▶ TO DO
Repeat the records below word for word, but start at the line that contains "Lotto di 3 PSA", stop after the last line, and include nothing else.

Stored items

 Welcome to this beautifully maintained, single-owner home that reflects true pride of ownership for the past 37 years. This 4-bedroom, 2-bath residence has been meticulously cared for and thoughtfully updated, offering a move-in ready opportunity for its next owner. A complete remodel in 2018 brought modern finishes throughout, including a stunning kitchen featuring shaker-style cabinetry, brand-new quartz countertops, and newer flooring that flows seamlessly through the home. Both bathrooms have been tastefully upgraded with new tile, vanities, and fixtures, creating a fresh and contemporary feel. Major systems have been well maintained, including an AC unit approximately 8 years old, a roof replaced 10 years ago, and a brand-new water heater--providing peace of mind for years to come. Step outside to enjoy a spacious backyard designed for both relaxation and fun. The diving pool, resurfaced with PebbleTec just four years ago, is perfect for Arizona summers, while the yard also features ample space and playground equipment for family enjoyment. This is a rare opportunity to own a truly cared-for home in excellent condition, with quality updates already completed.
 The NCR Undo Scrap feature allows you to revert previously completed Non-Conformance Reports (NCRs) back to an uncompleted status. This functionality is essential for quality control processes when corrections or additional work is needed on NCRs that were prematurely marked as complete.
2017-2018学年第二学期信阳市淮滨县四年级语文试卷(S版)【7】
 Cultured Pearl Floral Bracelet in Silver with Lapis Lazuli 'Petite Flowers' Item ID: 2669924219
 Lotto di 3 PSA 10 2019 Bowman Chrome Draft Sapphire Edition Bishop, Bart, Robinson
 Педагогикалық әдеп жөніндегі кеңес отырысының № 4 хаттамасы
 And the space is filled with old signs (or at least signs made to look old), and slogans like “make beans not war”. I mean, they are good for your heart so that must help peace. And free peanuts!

▶ YOUR SOLUTION
 Lotto di 3 PSA 10 2019 Bowman Chrome Draft Sapphire Edition Bishop, Bart, Robinson
 Педагогикалық әдеп жөніндегі кеңес отырысының № 4 хаттамасы
 And the space is filled with old signs (or at least signs made to look old), and slogans like “make beans not war”. I mean, they are good for your heart so that must help peace. And free peanuts!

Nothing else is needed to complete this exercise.